The ship is a narrow, tight, prison from which nobody can escape even though there are no bars or chains, and so merciless that it makes no distinction between its prisoners. The feeling of being crushed, and of suffocation and heat, is intense; bed is usually the floor, some bring pillows, ours were poor, small and hard, stuffed with dog's hair, and we had miserable goat's hair blankets. There is a lot of vomit in the ship, and a great deal of bad temper, which makes many people lose control completely, some for a longer time than others, and some unceasingly. The thirst you suffer is unbelievable, made worse by the food, which is biscuit and salted things. The drink is a litre of water a
day, you have wine only if you bring it. There is an endless number of fleas that eat you alive, and clothes cannot be washed. The smell is awful, especially in the hold, though it is insufferable everywhere in the ship… These and other travails are quite normal in the ship, but we feel them particularly badly because it is not what we are used to.89
Once they had arrived in the New World, new colonists were all too aware of the immense space between them and their home country.

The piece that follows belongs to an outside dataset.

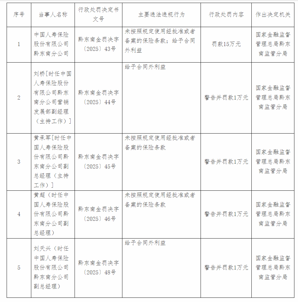2025年末,中国人寿保险股份有限公司黔东南分公司及其下辖机构因多项违规行为连续收到国家金融监督管理总局黔东南监管分局的行政处罚,罚单总金额达25万元股票配资哪儿好,涉及分公司及黎平支公司共6名管理人员。

A colonist in Mexico in the 1590s lamented to his nephew in Spain that he would probably never see him again, the distances being such that ‘it's not like me going to your house and you coming to mine, as we used to do’.90
Those who emigrated were always highly selective about where they wanted to go. The government tried to encourage them to settle everywhere, but people had firm preferences. The failure of early endeavours in the Río de la Plata meant that nobody wished to go there. In 1558, when the authorities were trying to enlist colonists for a sailing to the Plata, they explicitly lifted the normal ban on foreigners, Jews and Muslims. It was still not enough, complained an organizer of the expedition. Even allowing in all the prohibited categories, as well as Moriscos, ‘despite everything, in the whole of Spain people could not be found to come’.91 The expedition finally sailed, but mainly with soldiers, which had not been the intention of the council of the Indies.